What this task involves:
Every line of the listing belongs in your answer exactly as written; the images do not.

Listed entries:

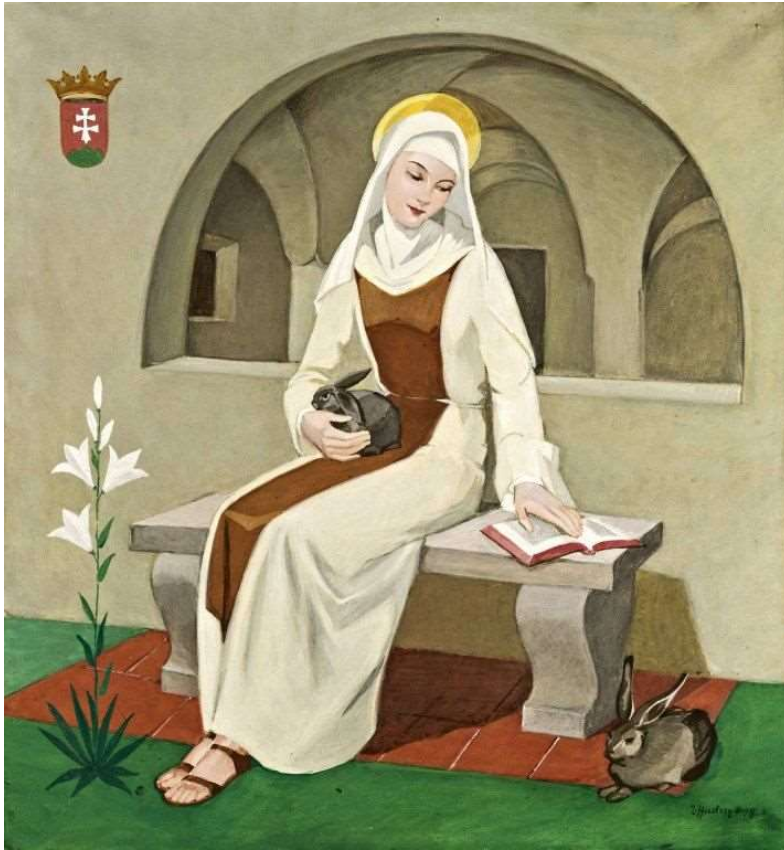
Árpád-házi Szent Margit (1242-1270)
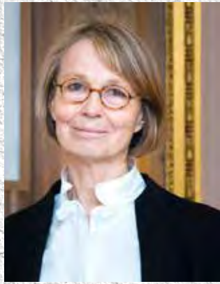
Françoise Nyssen, Ministre de la Culture
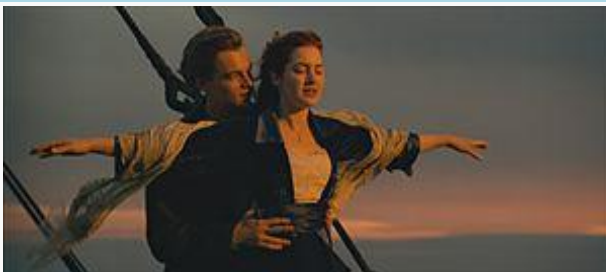
Leonardo DiCaprio e Kate Winslet sulla prua del Titanic
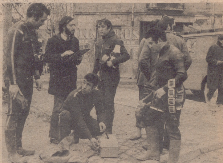
Tras el rescate del cuerpo del muchacho, el trabajo de los hombres rana no conoce descanso. Aquí los vemos preparándose para explorar el río hasta Pina, en busca de alguno de los desaparecidos en el accidente del autobús que cayó por el Puente de Piedra.
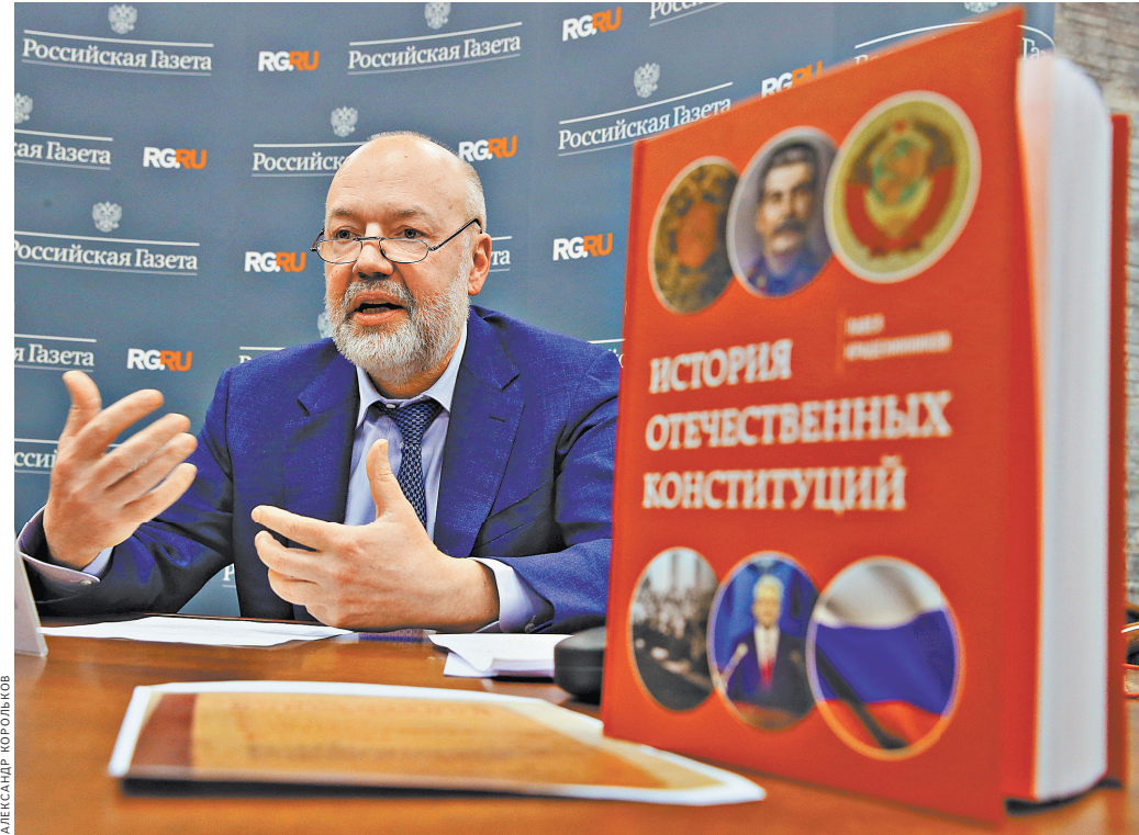
Представляя книгу, Павел Крашенинников подчеркнул, что Конституция — отражение потребности в переменах.

Пандемия наложила свой отпечаток. Презентации предыдущих книг Павла Крашенинникова проходили при полном аншлаге. Но и на сей раз живой интерес к новой книге проявился широко и активно — от Москвы до уральских земель автора и других его читателей.
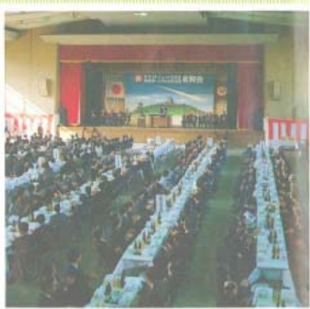
記念祝賀会には地権者など約700人が集まった
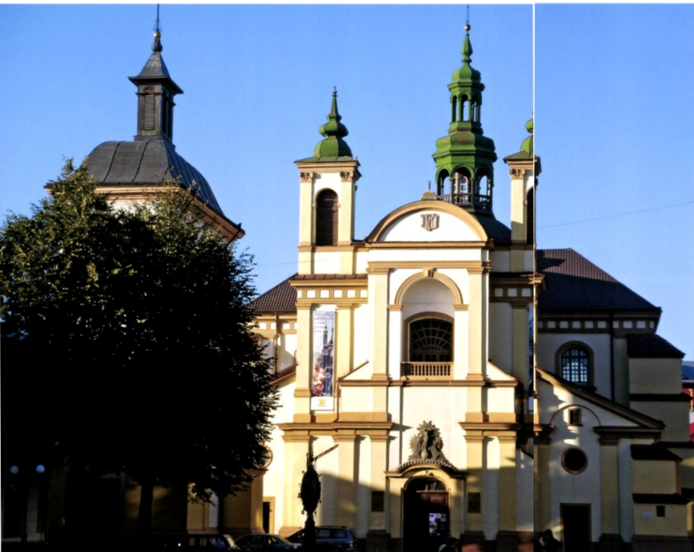
Links: Eines der schönsten Ensembles von Ivano-Frankivsk ist die ehemalige Armenische Kirche. Der barocke Bau war zu Sowjetzeiten ein Atheismuseum und wird heute von der ukrainisch-orthodoxen Kirche genutzt.
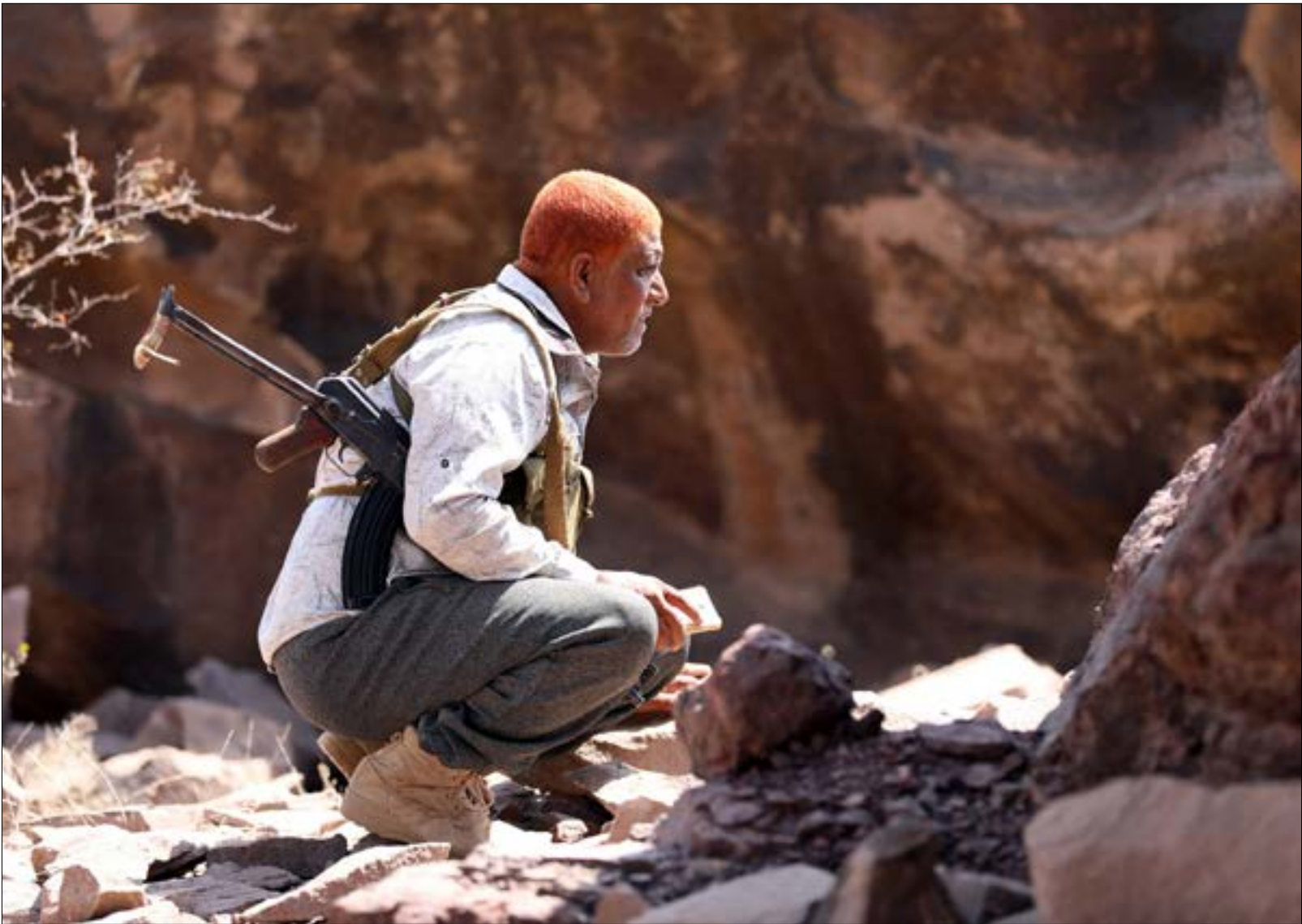
لم تكت المناطق التي تمكّدت فيها قوات هادي في ريف تمرز الحرب جبهات قتال في وقت سابق

كذلك، استشعرت ميليشيات طارق صالح، نجل شقيق الرئيس السابق، في نطاق الساحل الغربي للقتال مع ميليشيات "الحشد الشعبي". ووفقاً لمصادر مطلعة، فقد فشلت توجيهات صادرة عن نائب هادي، الجنرال علي محسن الأحمر، في توحيد جبهات غربي تعز مع جبهات الساحل الغربي، حيث رفضت "الوية العملاقة" الموجودة في أطراف منطقة الكدحة جميع مساعي "الإصلاح" وعروضه، ووجهت بصدّ أيّ تقدّم له باتجاه مناطق سيطرتها.
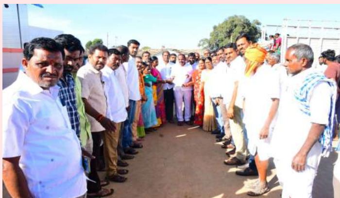
చేవెళ్ల జనవరి 25(ప్రజా జ్యోతి):
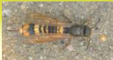
Берёзовый рогахвост – Tremex fuscicornis
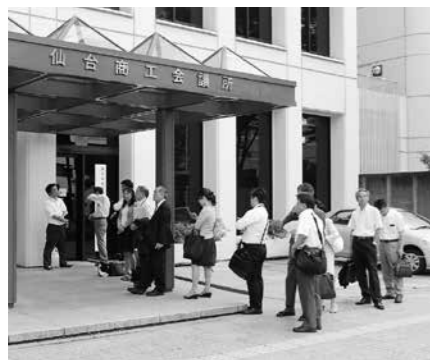
8月23日の1号議員立候補受付開始日には早朝から商工会議所会館前に列ができた。
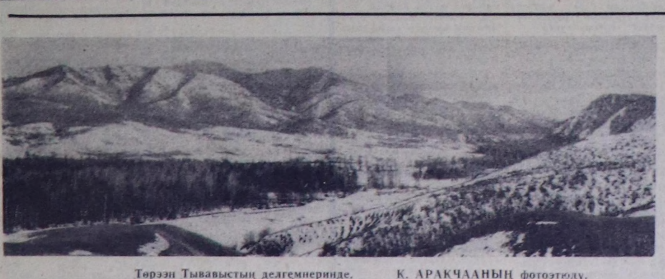
Төрөзи Тывавыстың делгемнеринде.

СССР-нің, Болгарияның, Венгрияның болгаш Чехословакияның араанга чорудар «Олимпиаданың делегей спортлотоу» деп лотерейаны бирги тарылышың 1978-жылдын апрель 15-тен садып эгелээр. Олимпиады онларынныц эгелээрине чедир шупту сестерини артырар — кырыкка чыг чурттарың найысылда-рыга ээлчештер (бирганы—100, 19-га Москвага болур), 49 номерден алдыны тылар жукурау лотерейаны тираж: «Интервеншен» система дамыштыр тускай тее-дамчыдыдыла көпүтүр. «Олимпиаданың делегей спортлотоу» нарточкаларын сатышканды ирген иш-шаша түнүгү 50 хуузу үш муң-дан ол муң рубль чедир ашша ойнаашканын база Москва эртер Олимпиады ойна-рыныц чыдык маргылдааларын көөр туршкн нутевка-лары болгаш өскө-даа ойнаашканын тээрерине баар. Ол дугайын «Олимпиада-80»ның оргкомитетинде ашы эрткин нараалка конферен-цияныга дыпкаткан. (СЭТА-ның корр.)

Answer section:
Árpád-házi Szent Margit (1242-1270)
Françoise Nyssen, Ministre de la Culture
Leonardo DiCaprio e Kate Winslet sulla prua del Titanic
Tras el rescate del cuerpo del muchacho, el trabajo de los hombres rana no conoce descanso. Aquí los vemos preparándose para explorar el río hasta Pina, en busca de alguno de los desaparecidos en el accidente del autobús que cayó por el Puente de Piedra.
Представляя книгу, Павел Крашенинников подчеркнул, что Конституция — отражение потребности в переменах.

Пандемия наложила свой отпечаток. Презентации предыдущих книг Павла Крашенинникова проходили при полном аншлаге. Но и на сей раз живой интерес к новой книге проявился широко и активно — от Москвы до уральских земель автора и других его читателей.
記念祝賀会には地権者など約700人が集まった
Links: Eines der schönsten Ensembles von Ivano-Frankivsk ist die ehemalige Armenische Kirche. Der barocke Bau war zu Sowjetzeiten ein Atheismuseum und wird heute von der ukrainisch-orthodoxen Kirche genutzt.
لم تكت المناطق التي تمكّدت فيها قوات هادي في ريف تمرز الحرب جبهات قتال في وقت سابق

كذلك، استشعرت ميليشيات طارق صالح، نجل شقيق الرئيس السابق، في نطاق الساحل الغربي للقتال مع ميليشيات "الحشد الشعبي". ووفقاً لمصادر مطلعة، فقد فشلت توجيهات صادرة عن نائب هادي، الجنرال علي محسن الأحمر، في توحيد جبهات غربي تعز مع جبهات الساحل الغربي، حيث رفضت "الوية العملاقة" الموجودة في أطراف منطقة الكدحة جميع مساعي "الإصلاح" وعروضه، ووجهت بصدّ أيّ تقدّم له باتجاه مناطق سيطرتها.
చేవెళ్ల జనవరి 25(ప్రజా జ్యోతి):
Берёзовый рогахвост – Tremex fuscicornis
8月23日の1号議員立候補受付開始日には早朝から商工会議所会館前に列ができた。
Төрөзи Тывавыстың делгемнеринде.

СССР-нің, Болгарияның, Венгрияның болгаш Чехословакияның араанга чорудар «Олимпиаданың делегей спортлотоу» деп лотерейаны бирги тарылышың 1978-жылдын апрель 15-тен садып эгелээр. Олимпиады онларынныц эгелээрине чедир шупту сестерини артырар — кырыкка чыг чурттарың найысылда-рыга ээлчештер (бирганы—100, 19-га Москвага болур), 49 номерден алдыны тылар жукурау лотерейаны тираж: «Интервеншен» система дамыштыр тускай тее-дамчыдыдыла көпүтүр. «Олимпиаданың делегей спортлотоу» нарточкаларын сатышканды ирген иш-шаша түнүгү 50 хуузу үш муң-дан ол муң рубль чедир ашша ойнаашканын база Москва эртер Олимпиады ойна-рыныц чыдык маргылдааларын көөр туршкн нутевка-лары болгаш өскө-даа ойнаашканын тээрерине баар. Ол дугайын «Олимпиада-80»ның оргкомитетинде ашы эрткин нараалка конферен-цияныга дыпкаткан. (СЭТА-ның корр.)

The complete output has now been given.